- Film poster
- Directed by: Ryū Murakami
- Screenplay by: Ryū Murakami
- Based on: Daijōbu, My Friend by Ryū Murakami
- Produced by: Hidenori Taga; Kiichi Ichikawa;
- Starring: Peter Fonda Reona Hirota Hiroyuki Watanabe
- Cinematography: Kōzō Okazaki
- Edited by: Sachiko Yamaji
- Music by: Ryuichi Sakamoto
- Production company: Kitty Films
- Release date: 15 April 1983 (Japan);
- Running time: 119 minutes
- Country: Japan
- Language: Japanese

= Daijōbu, My Friend =

Daijōbu, My Friend (だいじょうぶマイ・フレンド, Daijōbu, Mai Furendo) is a 1983 Japanese film starring Peter Fonda as a superhero called Gonzy Traumerai.

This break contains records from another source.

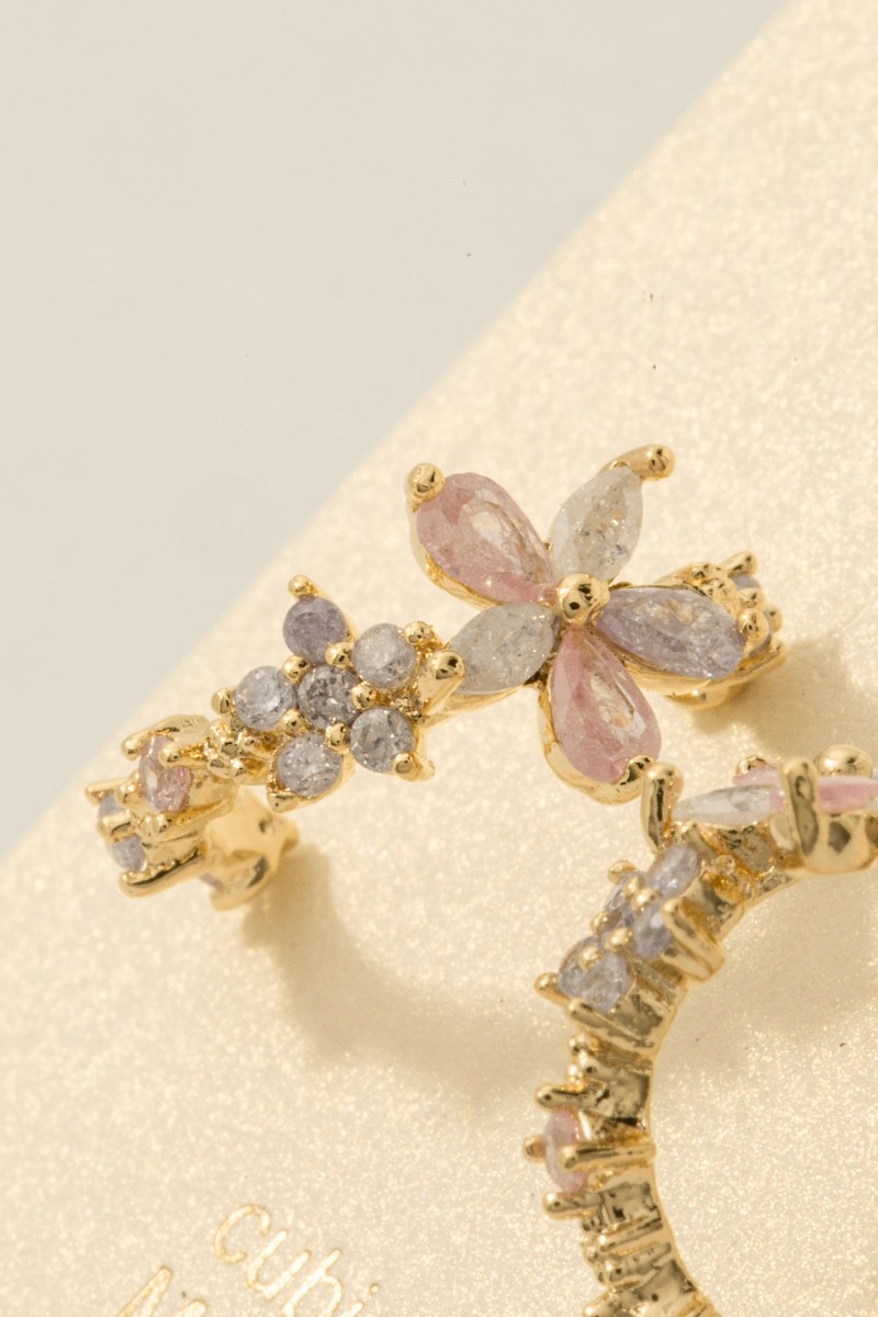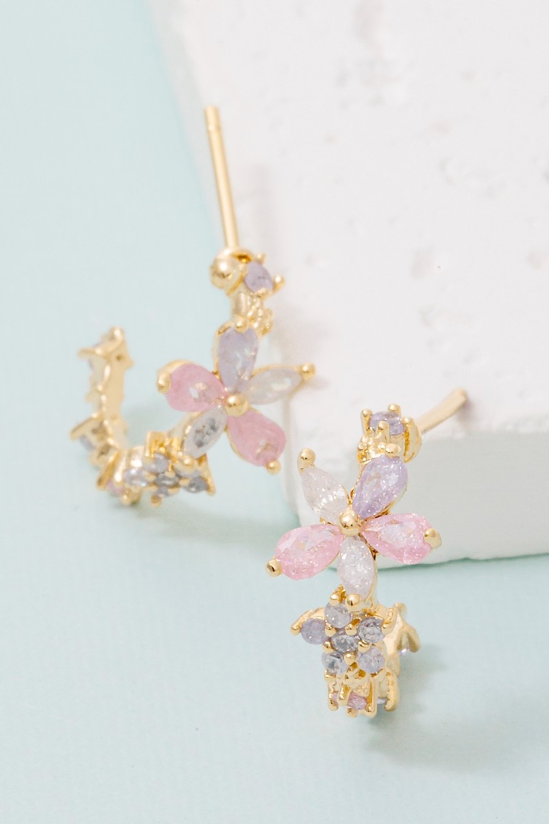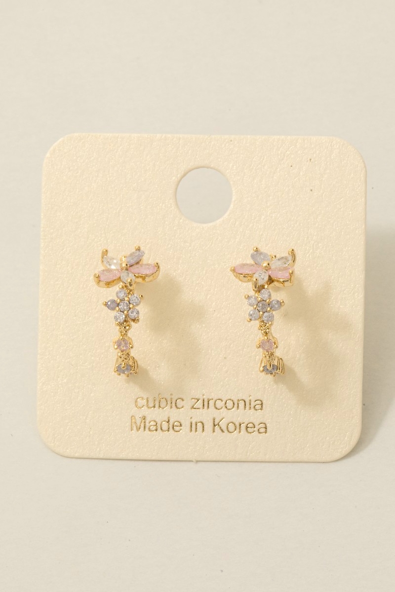 • This pair of dangle earrings displays a vibrant gold dipped cubic zirconia multi flower style. Witness the perfect fusion of style and functionality as this pair of dangle earrings effortlessly complements your lifestyle.
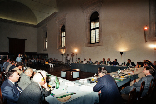 Servizio fotografico ripreso durante la Conferenza sulla Cooperazione Economica in Europa presso l'Isola di San Giorgio, Venezia nel 1986
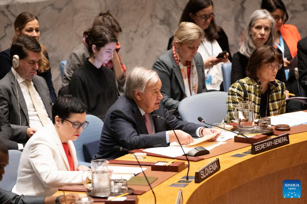 UN Secretary-General Antonio Guterres (C) speaks during a Security Council emergency session on the situation in the Middle East at the UN headquarters in New York, on Oct. 2, 2024. Guterres on Wednesday condemned Iran's missile attack against Israel on Tuesday. (Xinhua/Xie E)
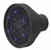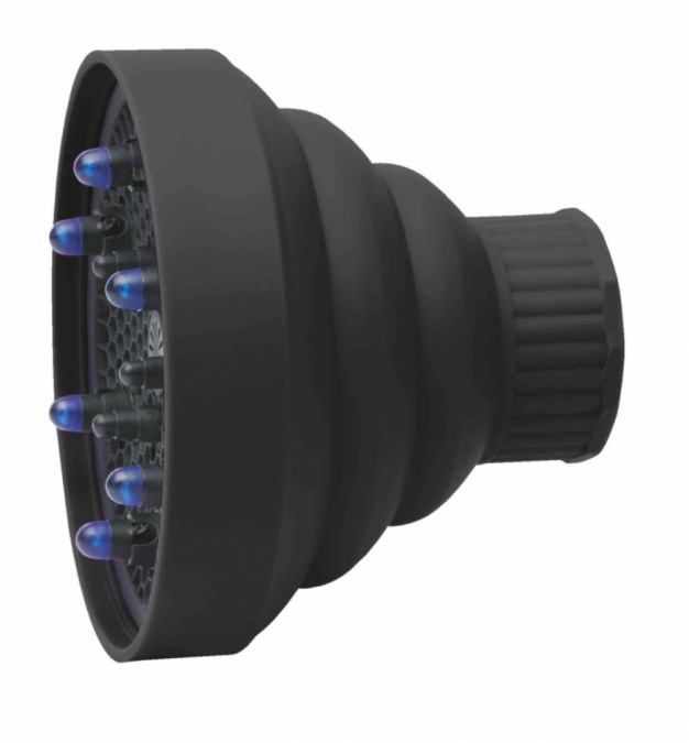 Diffusern Ultron är tillverkad av värmeisolerande silikon. Materialet är mjukt och lätt och underlättar både arbete och rengöring. Diffusern är hopfällbar och kan därför förvaras även i små utrymmen. Passar alla 20 cm långa fönar.
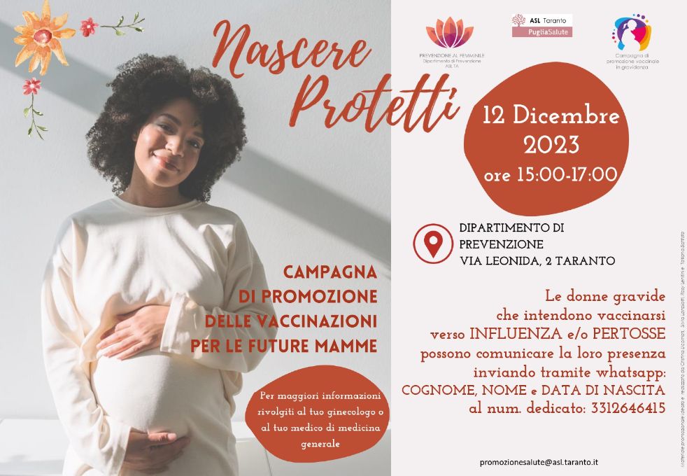 Martedì 12 dicembre, dalle ore 15:00 alle ore 17:00, si terrà presso la nuova sede del Dipartimento di Prevenzione (ex Baraccamenti Cattolica) in Via Leonida 2 a Taranto un incontro informativo e di promozione delle vaccinazioni in gravidanza, dedicato alle future mamme e ai futuri papà. Al termine dell'incontro, le future mamme, se lo vorranno, potranno vaccinarsi contro l'influenza stagionale e la pertosse, vaccinazioni sicure e raccomandate per le donne in gravidanza.
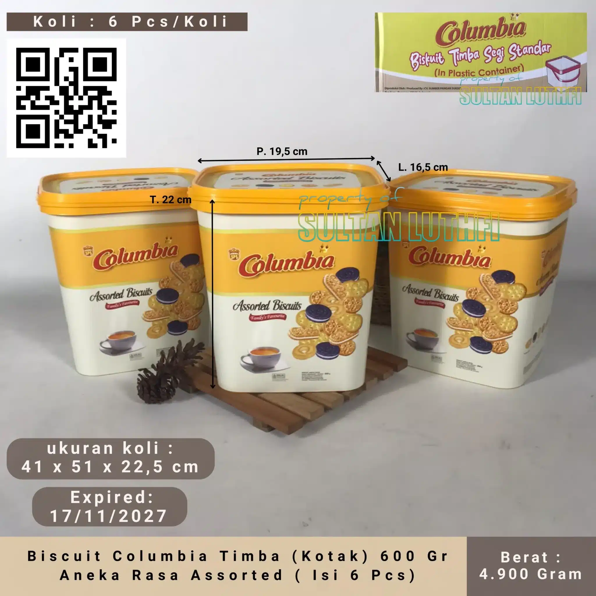 Biscuit Columbia Timba (Kotak) 600 Gr Aneka Rasa Assorted ( Isi 6 Pcs)
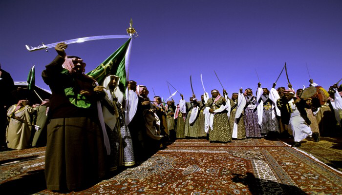 والعرضة السعودية هي إحدى رقصات الحرب المختصة بإقليم نجد (الذي تنحدر منه الأسرة الحاكمة)، دون غيره من الأقاليم، حيث تزخر القصائد الخاصة بهذه الرقصة بمديح الأسرة الحاكمة وبطولات المؤسس الملك "عبدالعزيز بن سعود"، الذي قام بتوحيد البلاد بعد حروب دموية طويلة، سيطر خلالها على أقاليم الحجاز والإحساء وعسير.
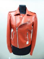Richard ORLINSKI « Born Wild » édition limitée numéro 1 : Perfecto en cuir rouge, petit col, fermeture zippée, deux poches, manches longues, orné d’un crocodile en relief au dos. Taille 42 environ, taches
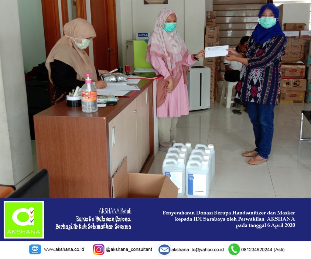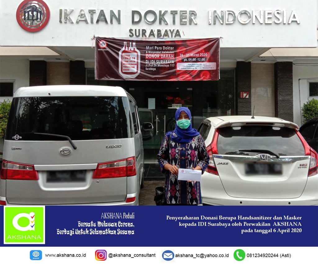 Lembaga Pelatihan dan Konsultasi Akshana ikut peduli dalam mencegah penyebaran Covid-19. Melalui kegiatan Akshana Peduli, perwakilan dari Lembaga Pelatihan dan Konsultasi Akshana telah menyerahkan donasi berupa handsanitizer dan masker, untuk diserahkan kepada para dokter dan perawat Rumah Sakit yang membutuhkan. Penyerahan dilakukan di kantor IDI Surabaya Jl. Mayjen Prof. Dr. Moestopo No.117, Surabaya pada tanggal 6 April 2020.
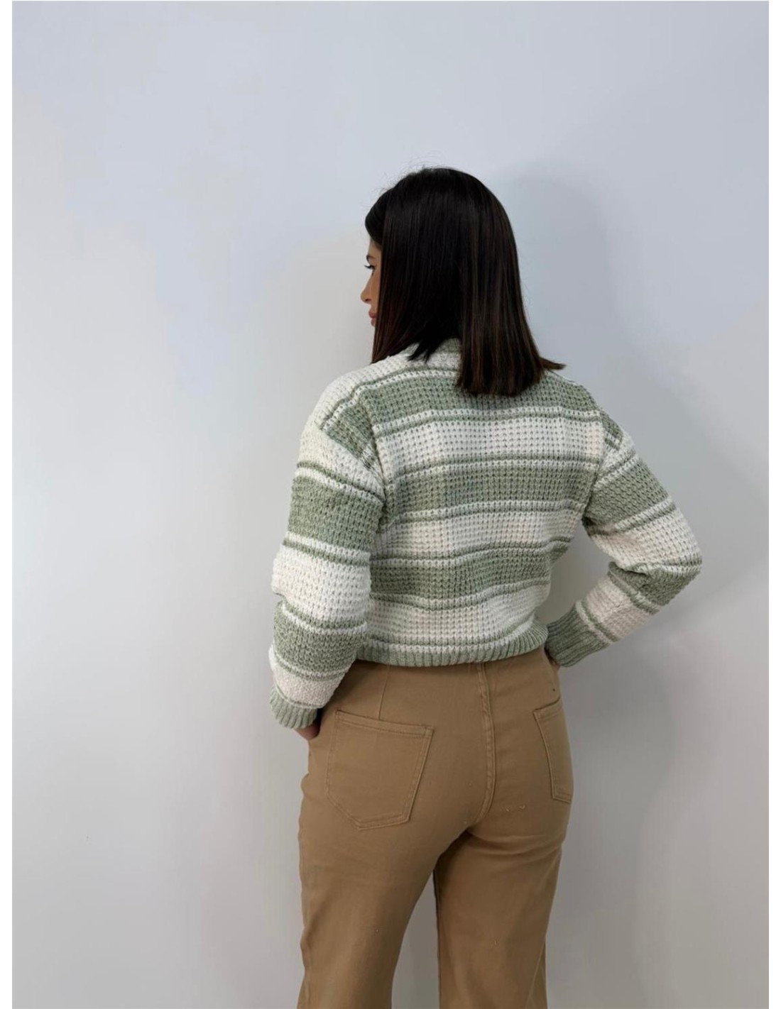 De chinilla, cortito, con rayas, mangas largas. Su talla va desde una 34 hasta una 42 aproximadamente.
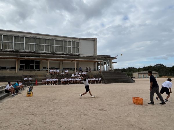 早速ソフトボールを使って、ボールの投げ方やキャッチ、バットスイングのしかたを生徒たちに説明します。
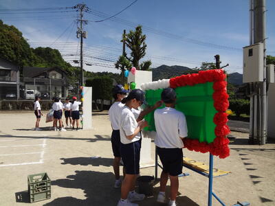 5・6時間目には中学生と小学生5・6年生で運動会準備をしました。
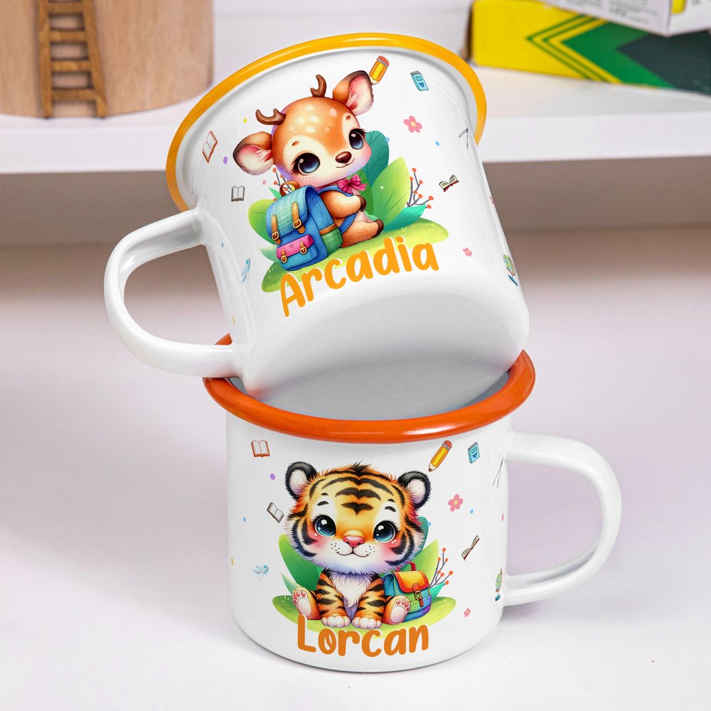 This 12 oz enamel mug has a cute and playful design. The enamel mug body is printed with patterns of small animals carrying backpacks to school. It can also be customized with names. It is paired with a macaron-colored mug rim. It is cute and unique, making kids love it and allowing adults to regain their kidlike innocence.
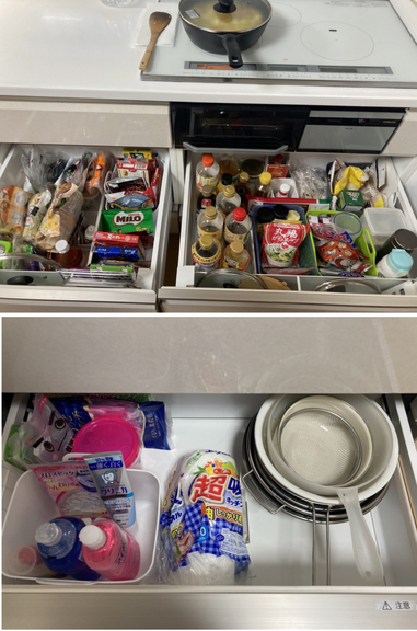 引き出しの中は「動線」を考えて常にきれいに並べて整頓してます♪料理中にも置きっぱなしにしないことが重要です。
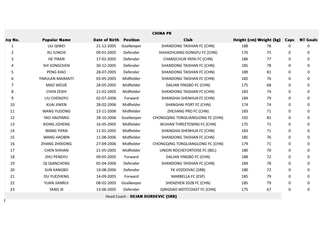 后卫:2-徐俊驰(石家庄功夫)、3-贺一然(长春亚泰)、4-史松宸(山东泰山)、5-彭啸(山东泰山)、19-齐千程(山东泰山)、20-孙康博(塞尔维亚沃日多瓦茨)、23-杨希(青岛西海岸)
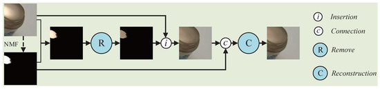 where and denote the material diffuse and specular reflections, and represent the illumination intensity, n and l represent the normal vector and the direction of the incident light, v indicates the observation direction, refers to the fully reflected light direction, and indicates the shininess of the surface material. This model can be widely applied to represent real-life specular highlights, where in the highlight region is set to 1 since it can be considered approximately equal to the spectrum of the light source. Based on the widely used dichromatic reflection model [30], we can combine the NMF method proposed by [23] to denote the highlight mask by the following method. A color image I can be defined as , where D is similar with and indicates diffuse components, and S denotes specular reflection components and is analogous to . In the RGB response of an image, the above combination can be decomposed as follows:
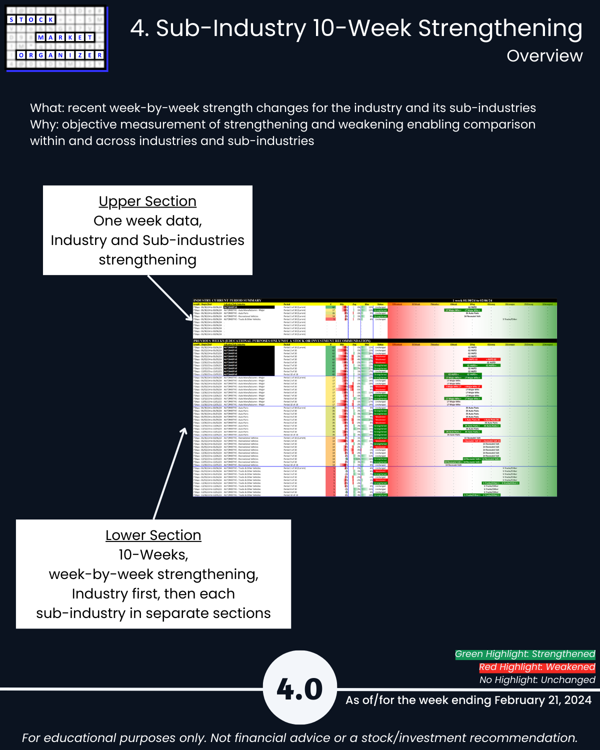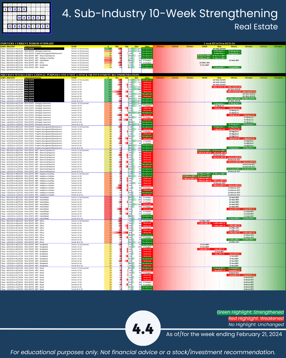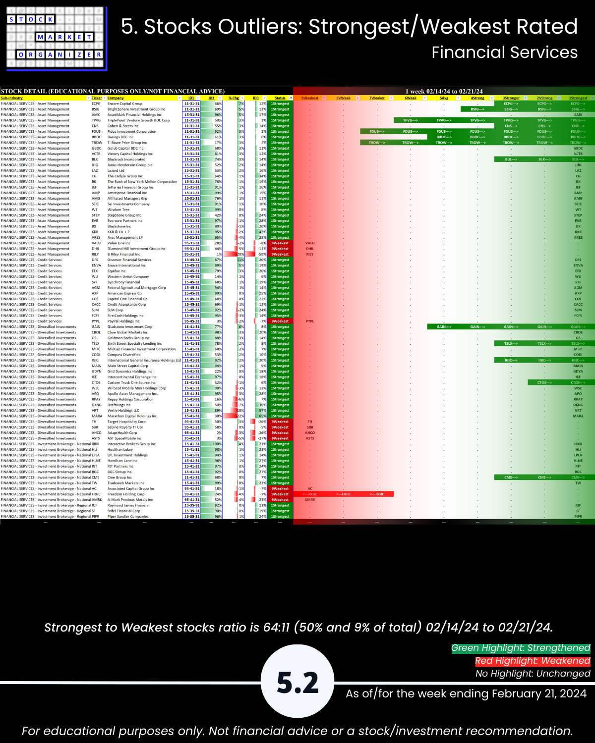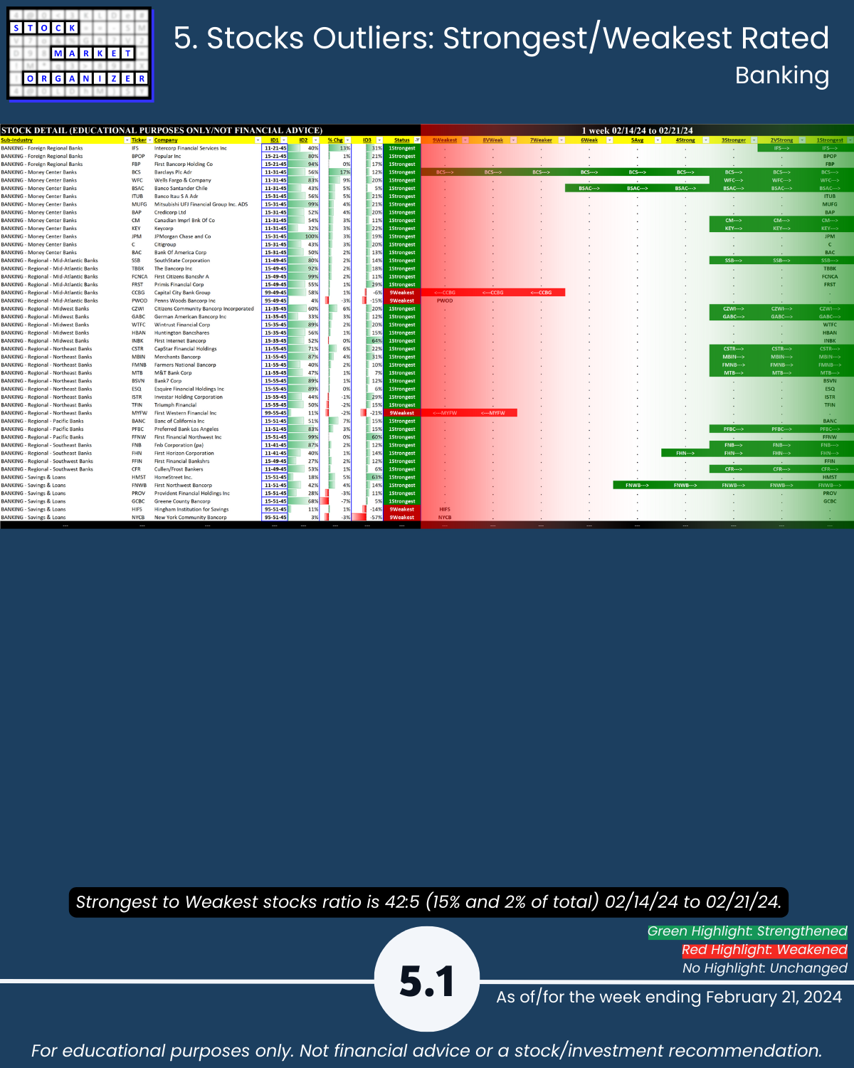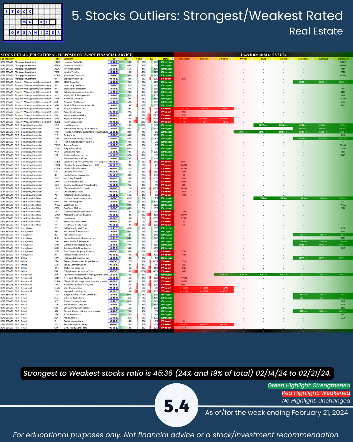 More detail below/attached including Strongest-/Weakest-rated stocks and objective strengthening/weakening measurements.
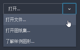 - 单击向下箭头可显示用于打开图纸集或采样图形的其他选项。

The film, written and directed by Ryū Murakami, is based on his own novel of the same name (which was published the same year). It is a parody of such films as Superman, E.T. the Extra-Terrestrial, and Attack of the Killer Tomatoes.

== Cast ==
- Peter Fonda as Gonzy Traumerai
- Reona Hirota as Mimimi
- Hiroyuki Watanabe as Hachi

== Music ==
The film features a soundtrack by Ryuichi Sakamoto, his second film work after Merry Christmas, Mr Lawrence, although the film was released before the latter.